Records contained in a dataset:

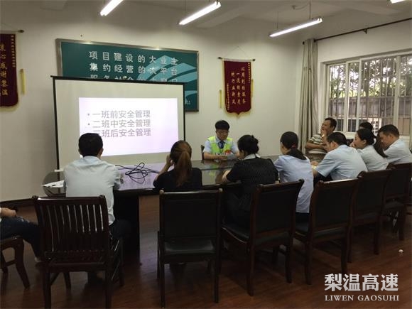 收费一班的班长杨火金结合本月安全生产月活动为该站同事讲了一堂《收费站班组安全管理》课程。课程的主要内容结合本职工作围绕班前、班中、班后的安全管理进行讲课。通过这堂课,既提高了班长的业务水平也使在座的员工体会到安全生产的重要性。
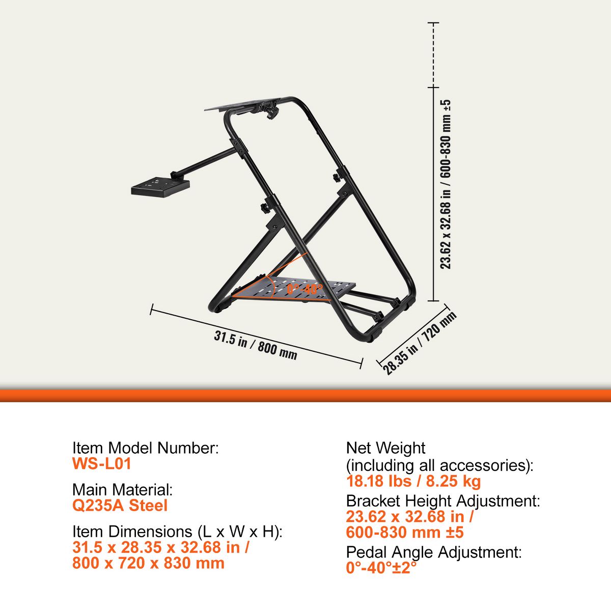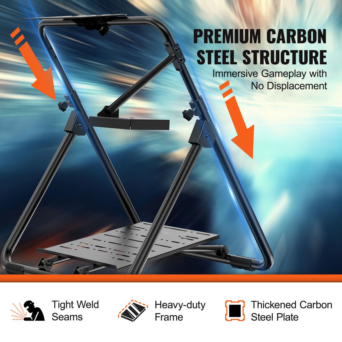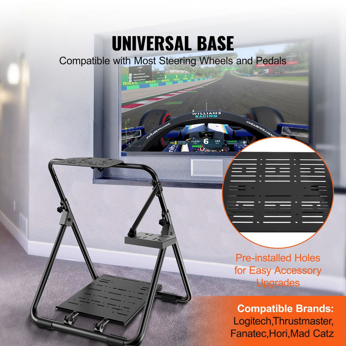 VEVOR Foldable Racing Steering Wheel Stand, Height Adjustable Universal Base Compatible with Logitech & Thrustmaster Racing Wheel and Pedal, Black
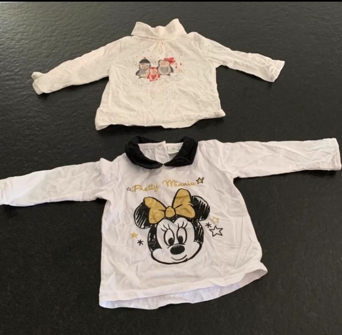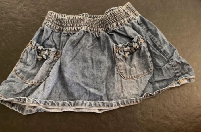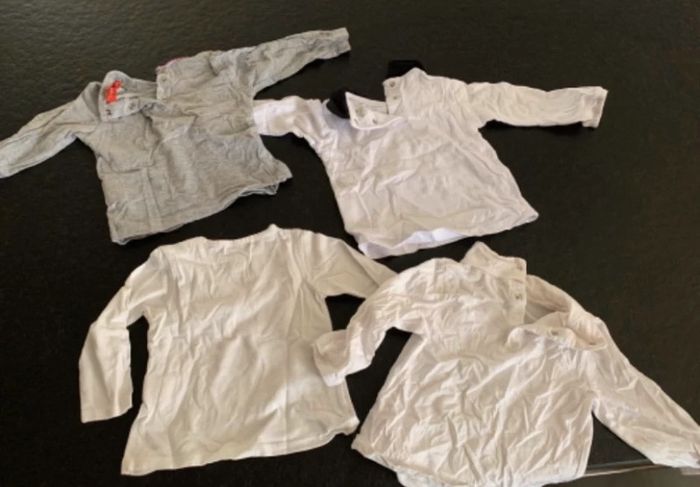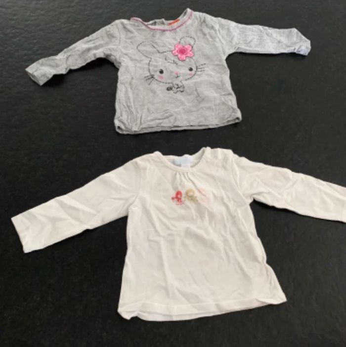 Lot comprenant quatre T-shirts manches longues en coton fermer par pression à l’arrière Une jupe en jean. L2 #mejuge12mois
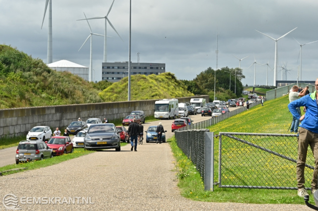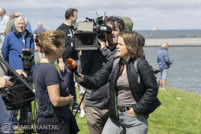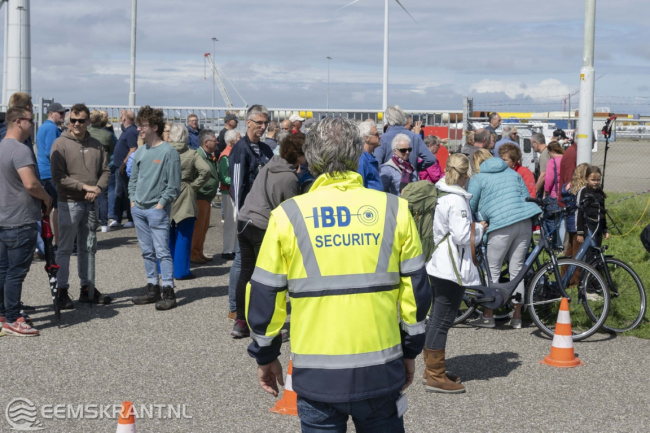 De aankomst van het schip trok enkele honderden belangstellenden naar de kust, die met verrekijkers de tocht van het schip over de Waddenzee volgden.
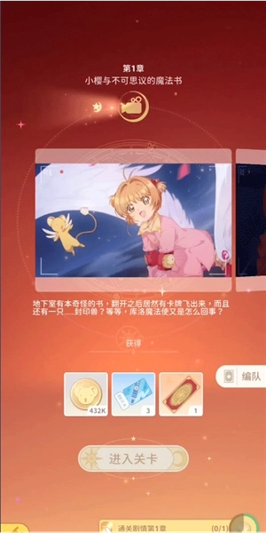 2、点击“进入关卡”按钮,即可前往第一章“小樱与不可思议的魔法书”。
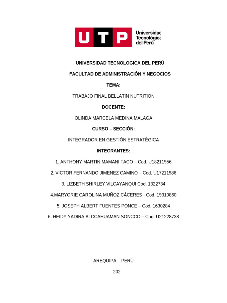 Bellatín Nutrición es una microempresa peruana dedicada a la elaboración y

What the task requires:
Repeat each entry precisely as it appears. Leave the pictures out.

Written answer:
 收费一班的班长杨火金结合本月安全生产月活动为该站同事讲了一堂《收费站班组安全管理》课程。课程的主要内容结合本职工作围绕班前、班中、班后的安全管理进行讲课。通过这堂课,既提高了班长的业务水平也使在座的员工体会到安全生产的重要性。
 VEVOR Foldable Racing Steering Wheel Stand, Height Adjustable Universal Base Compatible with Logitech & Thrustmaster Racing Wheel and Pedal, Black
 Lot comprenant quatre T-shirts manches longues en coton fermer par pression à l’arrière Une jupe en jean. L2 #mejuge12mois
 De aankomst van het schip trok enkele honderden belangstellenden naar de kust, die met verrekijkers de tocht van het schip over de Waddenzee volgden.
 2、点击“进入关卡”按钮,即可前往第一章“小樱与不可思议的魔法书”。
 Bellatín Nutrición es una microempresa peruana dedicada a la elaboración y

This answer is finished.